Berlin setzt sich gegen Hamburg durch

25.01.2026 / Berlin, Sporthalle Rennbahnstraße

Trotz der Niederlage am Tag zuvor gegen Leipzig am 24.01.26 ließen sich die Berlinerinnen nicht entmutigen und gingen mit hoher Intensität in das Pokalachtelfinale gegen den ETV Hamburg am Sonntag, den 25.01.26.

Das Spiel begann mit hohem Tempo und früh gesetzten Akzenten. Bereits in der neunten Minute des ersten Drittels gingen die ETV Lady Piranhhas Hamburg durch Maria Kapteina mit 0:1 in Führung. Floorball BB United zeigte sich davon unbeeindruckt und erzielte in der 14. Minute denAusgleich: Johanna Zoberbier verwertete eine Vorlage von Julia Nemitz zum 1:1. Maureen Li vom ETV Hamburg erhielt eine Zweiminuten Strafe für Stockschlag, was den Spielerinnen von BB United eine Überzahl ermöglichte. Diese Chance nutze Ella Kittke mit einer schönen Vorlage für Julia Nemitz, welche dann in der 19. Spielminute das 2:1 schoss.

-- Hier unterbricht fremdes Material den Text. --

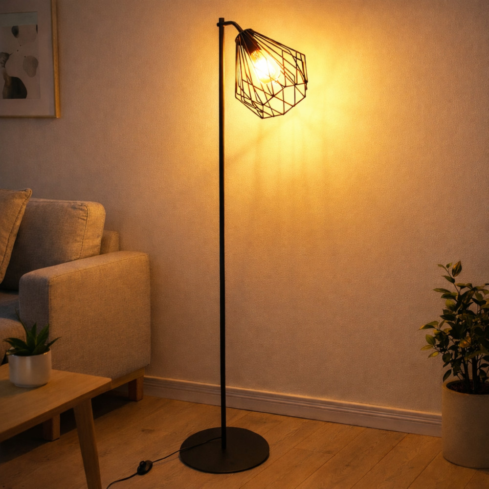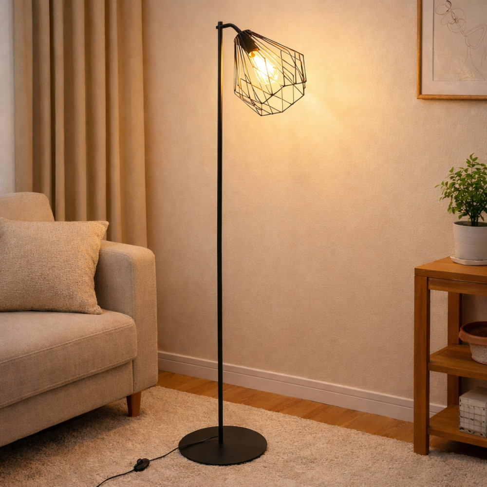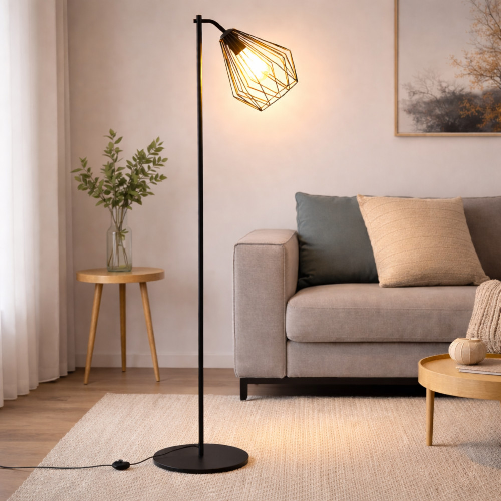 Геометричний каркас абажура робить світильник легким та візуально повітряним, при цьому не втрачаючи міцності. Завдяки відкритій конструкції він чудово підходить для декоративних ламп у стилі ретро, таких як моделі з ниткою розжарення або лампи Едісона, створюючи м'яке та атмосферне свічення у кімнаті. Опора виконана з міцного металу, забезпечуючи стійкість навіть за інтенсивної експлуатації. Провід забезпечений ножним вимикачем, що робить використання світильника особливо зручним у повсякденному житті.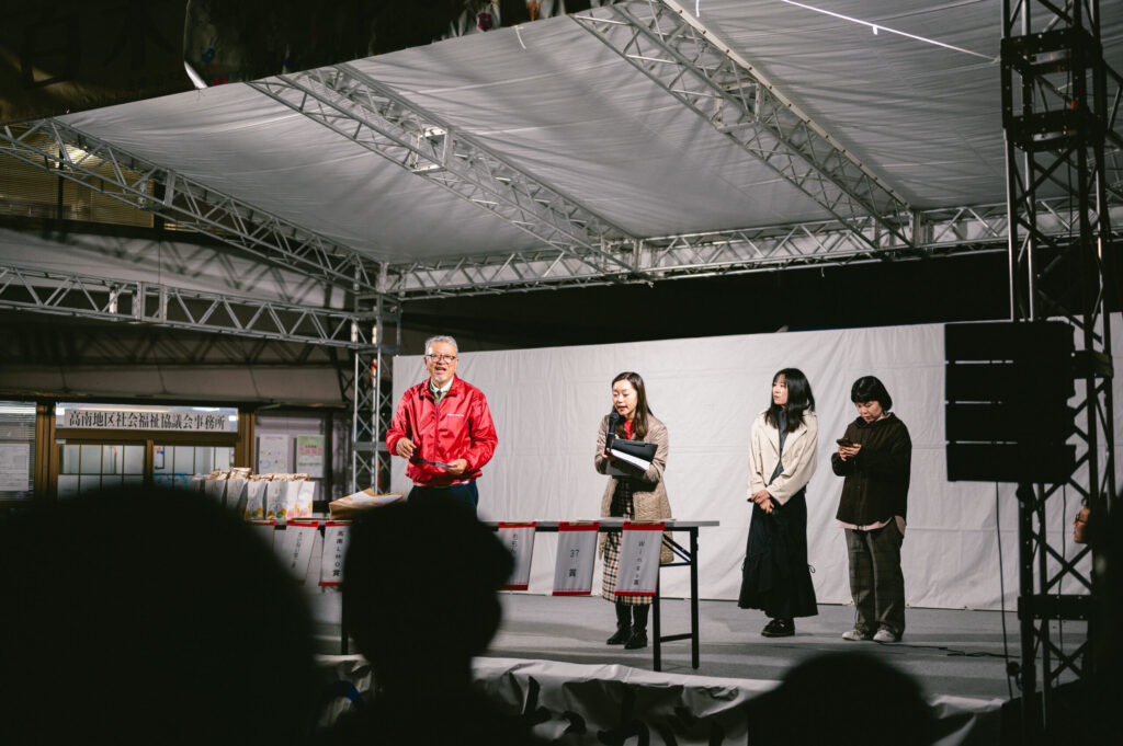 お祭りの出展ブースからのプレゼントや地元のお米などが賞品として53点用意された大抽選会。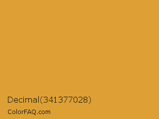 Decimal 341377028 Color is a normal orange color and the nearest color is Fire Bush #e89928. Hex code #dea034 and RGB value is rgb(222,160,52). In RGB color space, this color is composed of 87% red, 63% green, 20% blue, In CMYK color space, this color is composed of 0% cyan, 28% magenta, 77% yellow , 13% black , In HSL color space, this color has a hue angle of 38° , 72% saturation and 54% lightness.

Im zweiten Drittel drehte Hamburg das Spiel. Randi Kleerbaum glich früh zum 2:2 aus, bevor Lara Nethe nach Vorlage von Patrizia Eikhorst die Lady Piranhhas wieder in Führung brachte. BB United antwortete jedoch kurz darauf: Jona Kuhle traf zum 3:3-Ausgleich nach einer Vorlage von Virginia Leutelt. In einer intensiven Phase kurz vor der Pause nutzte Johanna Zoberbier eine Vorlage von Joana Rietdorf und erzielte einen weiteren Treffer – neuer Spielstand: 4:3 für BB United.

Auch im letzten Drittel blieb das Spiel spannend und sehr umkämpft. In der 6. Spielminute des letzten Drittels erhöhte Johanna Zoberbier nach einer Vorlage von Lilian Senger auf 5:3. Hamburg ließ sich nicht abschütteln und kam wenig später durch ein Tor von Julia Noel, vorbereitet von Katharina Meyer, auf 5:4 heran. 

Eine Auszeit des ETV Hamburgs konnte die Spielerinnen des BB United nicht mehr aus der Ruhe bringen. Das Pokalspiel endete mit einem 5:4 für BB United. 

Mit dem 5:4-Erfolg sichert sich Floorball BB United den Einzug in das Pokalviertelfinale. In einem intensiven, von Führungswechseln geprägten Spiel behielt Berlin am Ende die Nerven, verteidigte die knappe Führung in der Schlussphase konsequent und belohnte sich für eine starke Offensivleistung.